Les feux d’une extrême violence qui font rage actuellement sur la côte ouest des États-Unis sont appelés wildfires. Des feux désignés comme sauvages donc, malgré leur nature anthropique, parce que destructeurs, paroxystiques et violents. Par le passé, c’est un autre sens du mot qui prévalait et les feux sauvages l’étaient parce que naturels.
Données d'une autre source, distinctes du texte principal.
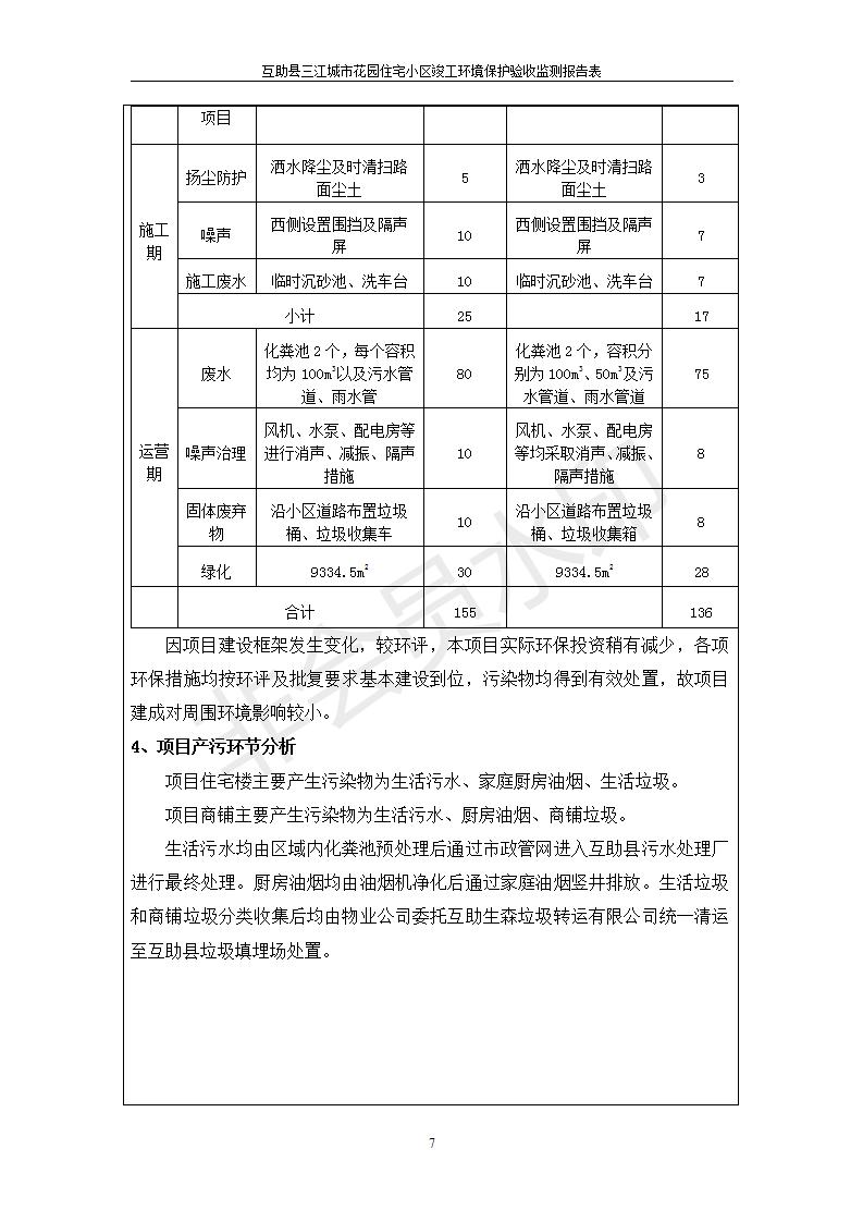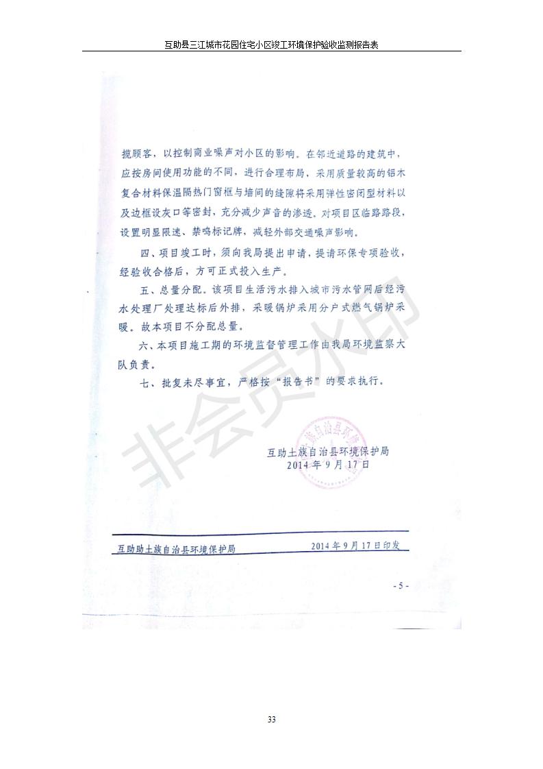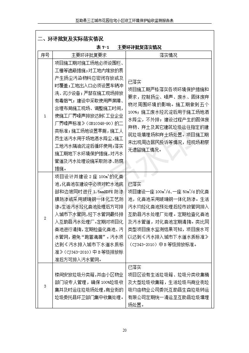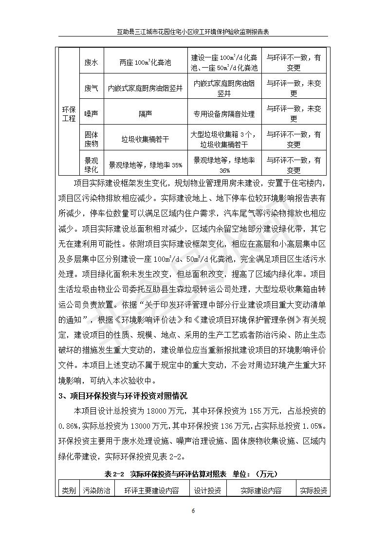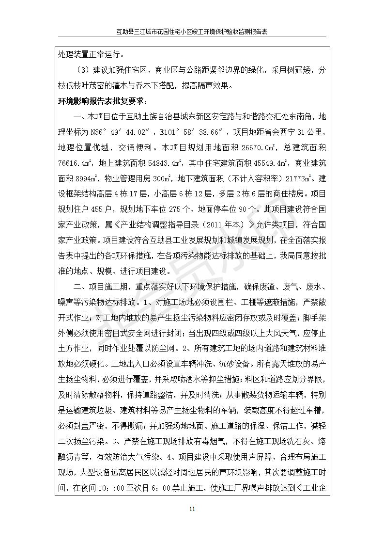 根據(jù)中華人民共和國國務(wù)院令第682號《國務(wù)院關(guān)于修改〈建設(shè)項目環(huán)境保護管理條例〉的決定》和《建設(shè)項目竣工環(huán)境保護驗收暫行辦法》(國務(wù)院令682號),互助縣三江城市花園住宅小區(qū)(包括竣工環(huán)境保護驗收監(jiān)測報告表和驗收意見)公示如下。 一、項目名稱: 互助縣三江城市花園住宅小區(qū)竣工環(huán)境保護驗收監(jiān)測報告表 二、地點:青海省海東市互助土族自治縣威遠(yuǎn)鎮(zhèn)安定路與和諧路交匯處東南角 三、建設(shè)單位:青海三兄房地產(chǎn)開發(fā)有限公司 四、建設(shè)內(nèi)容:項目規(guī)劃用地面積26670.0m2,實際占地面積26670.0m2,項目占地面積未發(fā)生變化,規(guī)劃設(shè)計建筑總面積76616.4m2,其中商業(yè)建筑面積8994m2。實際建筑總面積58639.64m2,其中商業(yè)建筑面積9894.27m2。 五、聯(lián)系人:張工 六、聯(lián)系電 話:0971-6515411 七、公示時間:二〇一九年六月五日至二〇一九年七月三日 公示期間,對上述公示內(nèi)容如有異議,請以書面形式反饋,個人須署真實姓名,單位須加蓋公章。

Cet affrontement entre les deux aspects du sauvage pose aujourd’hui des questions très politiques.

Quoi de plus sauvage qu’un feu de forêt ? À deux titres : il ensemence la terre et régénère le paysage, mais il sème la destruction et apporte la mort[1]. Habituellement, les feux passent de manière raisonnable, ponctuellement, saisonnièrement. Ils font « partie » de la nature. Certes, ils en modifient l’aspect, mais contribuent aux cycles de la forêt. Ils sont donc sauvages au sens où ils sont « naturels ». L’équivalent anglais serait la wilderness : c’est la nature coupée des activités humaines, non transformée par elles, qui sert à la fois de modèle, d’explication générale, parfois de paradis plus ou moins perdu.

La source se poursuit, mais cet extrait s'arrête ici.